In your submit file, include the executable you wrote (as described above) and in transfer_input_files include the Miniconda installer and any other scripts or data files you want to include with the job:

executable = run_with_conda.sh
arguments = myscript.py

transfer_input_files = Miniconda3-latest-Linux-x86_64.sh, script.py, other_input.file

Specifying Exact Dependency Versions

An important part of improving reproducibility and consistency between runs is to ensure that you use the correct/expected versions of your dependencies.
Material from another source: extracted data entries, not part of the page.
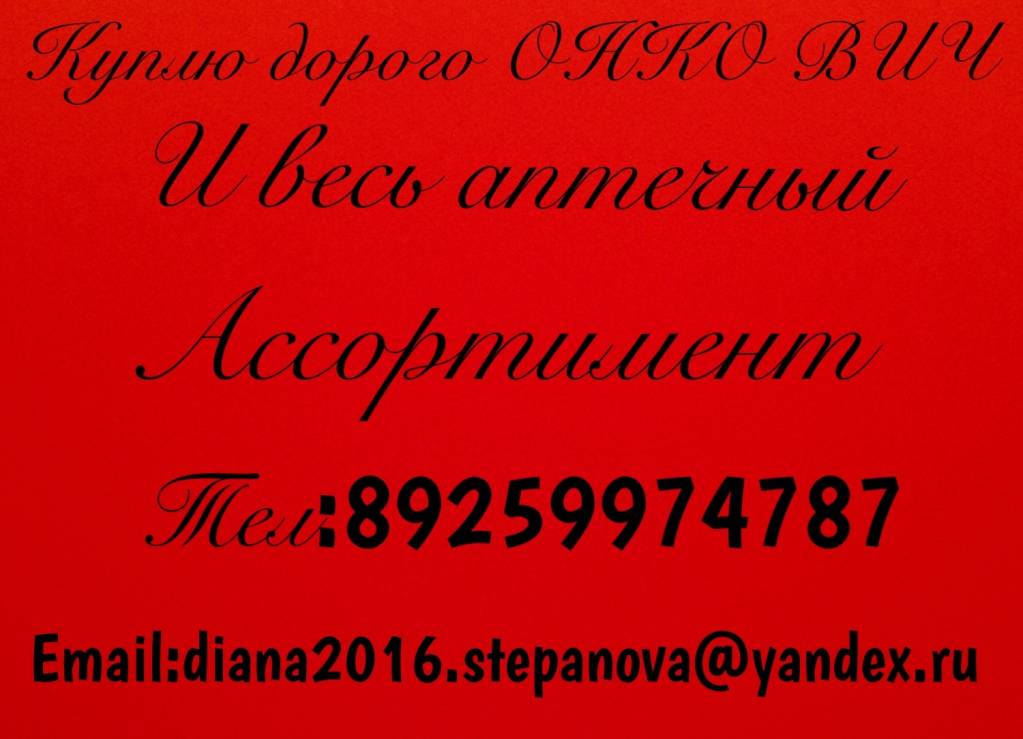 Тел:89259974787.Email:[email protected] u. Покупаю Онко Вич и весь аптечный ассортимент! Предлагаю список покупаемых лекарств! Афинитор Алимпта Акласта Актемра Абраксан Аранесп Армидекс Бейодайм Брилинта Бонефос Вайдаза Викейра Велкейд Вектибикс Вифенд Вотриент Виракомб Гилениа Герцептин Гливек Гиотриф Револейд Ремикейд Ревлимид Ревацио Рибомустин Нексавар Диспорт Джакави Джевтана Зомета Зелбораф Зитига Золадекс Хумира Траклир Тайверб Таксотер Тарцева Темодал Тафинлар Тасигна Тоби Мабтера Мимпара Иресса Интратект Имбрувика Сутент Стиварга Спрайсел Симпони Селлсепт Ксалкори Ксеплион Кадсила Келикс Фазлодекс Энбрел Эксджива Энплейт Эвиплера Йондейлис Октреотид Онкаспар Октагам Оренсия Ервой и многое другое.Нужны Русифицированные препараты.
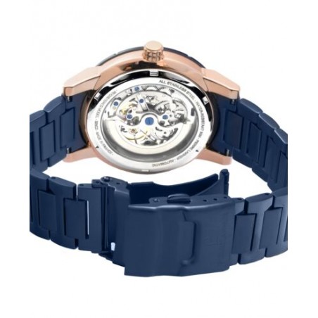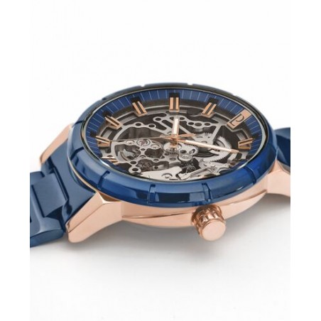 Elle se compose d'un boitier rond de 45mm en acier bleu et d'un bracelet en acier inoxydable.
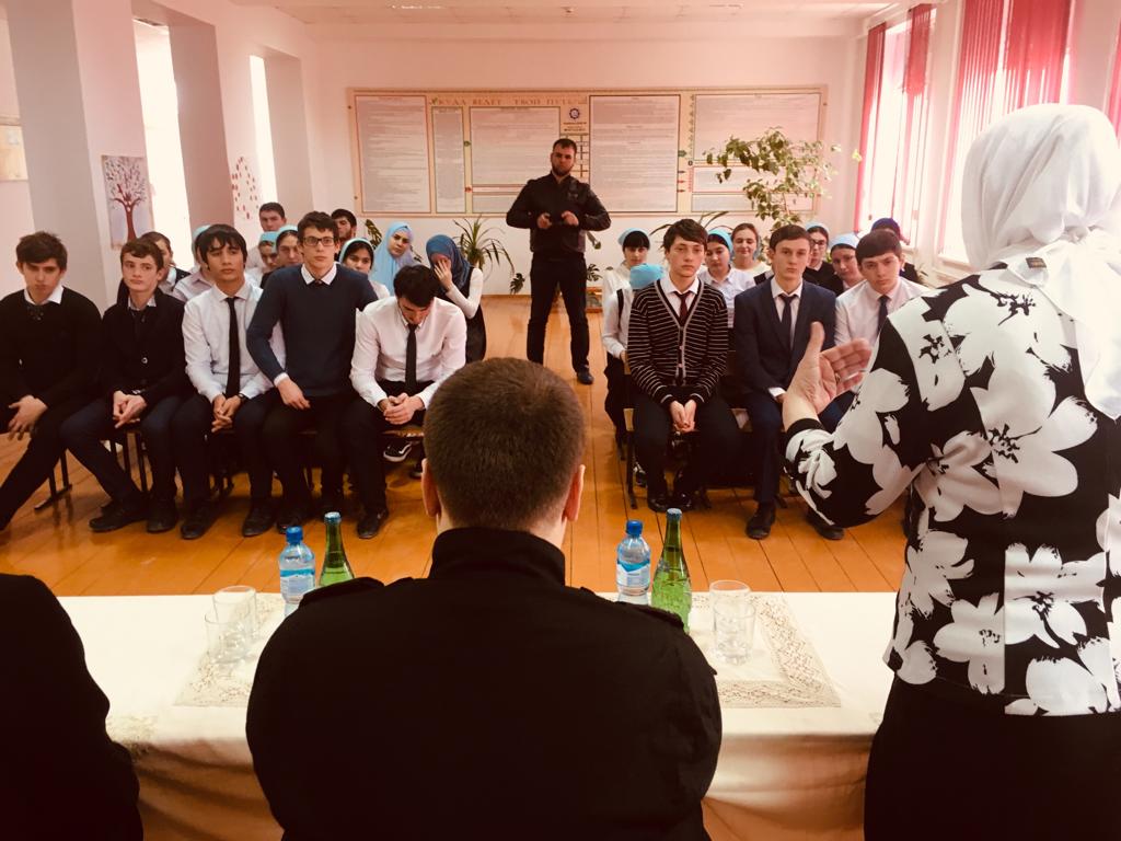 Ребята приняли активное участие в обсуждении данной проблемы, задали интересующие вопросы. Беседу провели: ст. лейтенант полиции межрайонного отд. #1 УНК МВД по ЧР Джанхотов У. Х., куратор школы Ибакова З.Г., и.о.директора школы Ирбаиева М.М.
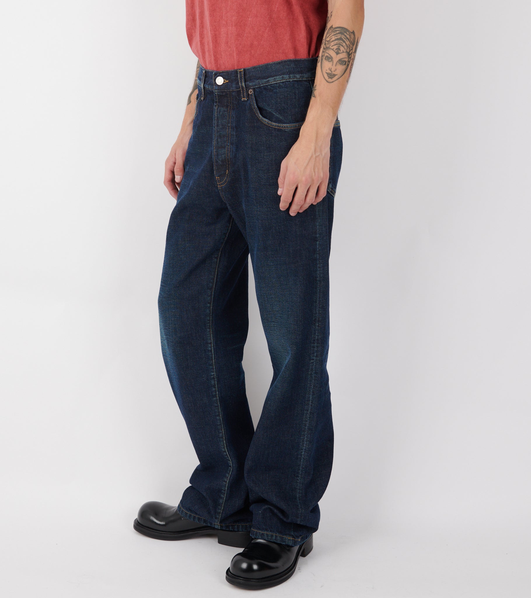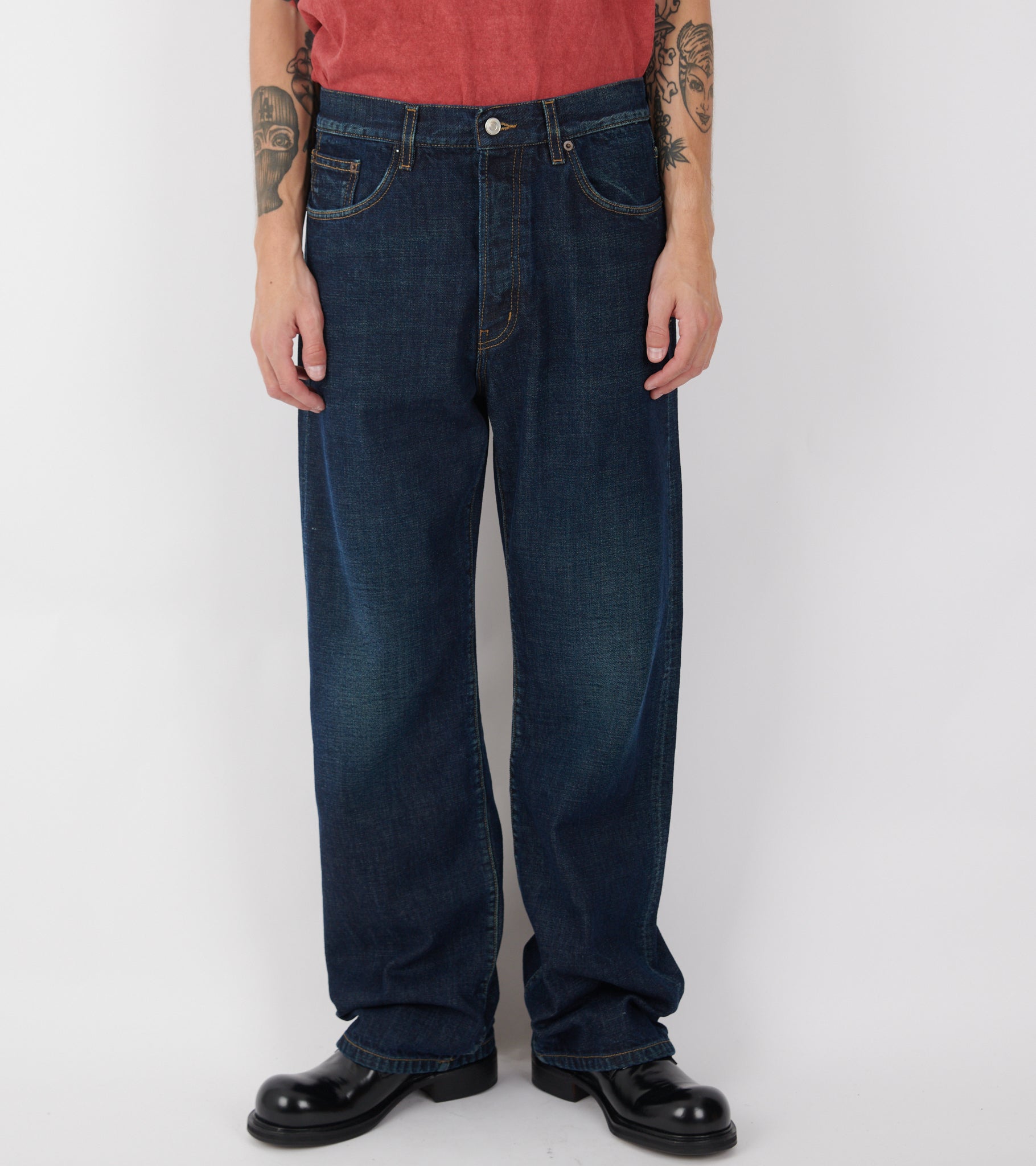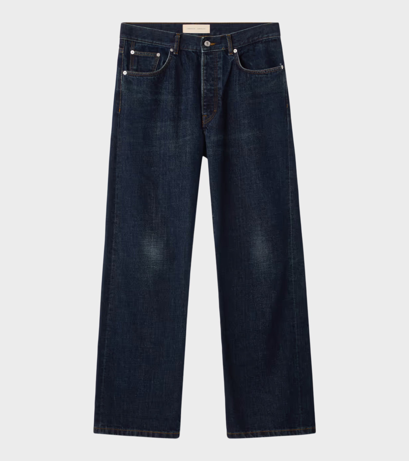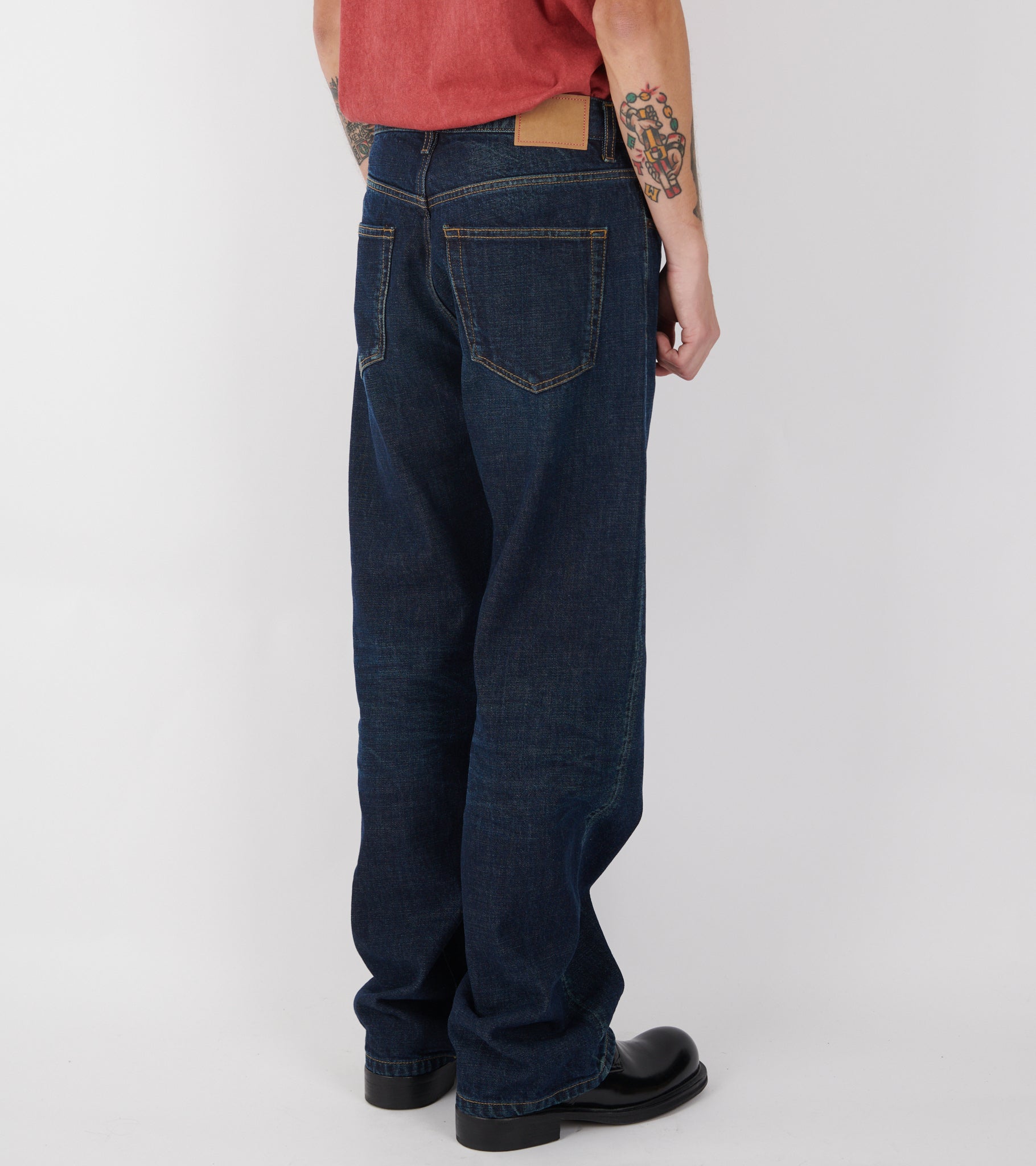 Mørkeblå selvedge denim jeans fra Jeanerica. Disse jeans er fremstillet i bomuldsdenim uden stræk og har bæltestropper, tre skrålommer samt to baglommer. Pasformen er afslappet med brede lige ben.
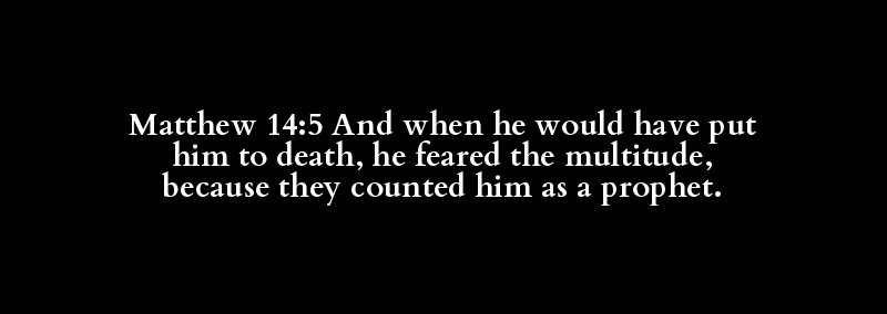 Matthew 14:5 And when he would have put him to death, he feared the multitude, because they counted him as a prophet.

When you run a command like conda install numpy, conda tries to install the most recent version of numpy. For example, numpy version 1.18.2 was released on March 17, 2020. To install exactly this version of numpy, you would run conda install numpy=1.18.2 (the same works for pip, if you replace = with ==). We recommend installing with an explicit version to make sure you have exactly the version of a package that you want. This is often called “pinning” or “locking” the version of the package.

If you want a record of what is installed in your environment, or want to reproduce your environment on another computer, conda can create a file, usually called environment.yml, that describes the exact versions of all of the packages you have installed in an environment. This file can be re-used by a different conda command to recreate that exact environment on another computer.

To create an environment.yml file from your currently-activated environment, run

[alice@submit]$ conda env export > environment.yml

This environment.yml will pin the exact version of every dependency in your environment. This can sometimes be problematic if you are moving between platforms because a package version may not be available on some other platform, causing an “unsatisfiable dependency” or “inconsistent environment” error. A much less strict pinning is

[alice@submit]$ conda env export --from-history > environment.yml

which only lists packages that you installed manually, and does not pin their versions unless you yourself pinned them during installation. If you need an intermediate solution, it is also possible to manually edit environment.yml files; see the conda environment documentation for more details about the format and what is possible. In general, exact environment specifications are simply not guaranteed to be transferable between platforms (e.g., between Windows and Linux). We strongly recommend using the strictest possible pinning available to you.

To create an environment from an environment.yml file, run

[alice@submit]$ conda env create -f environment.yml

By default, the name of the environment will be whatever the name of the source environment was; you can change the name by adding a -n <name> option to the conda env create command.

If you use a source control system like git, we recommend checking your environment.yml file into source control and making sure to recreate it when you make changes to your environment. Putting your environment under source control gives you a way to track how it changes along with your own code.

If you are developing software on your local computer for eventual use on the CHTC pool, your workflow might look like this:

1. Set up a conda environment for local development and install packages as desired (e.g., conda create -n science; conda activate science; conda install numpy).
2. Once you are ready to run on the CHTC pool, create an environment.yml file from your local environment (e.g., conda env export > environment.yml).
3. Move your environment.yml file from your local computer to the submit machine and create an environment from it (e.g., conda env create -f environment.yml), then pack it for use in your jobs, as per Create Software Package.

More information on conda environments can be found in their documentation.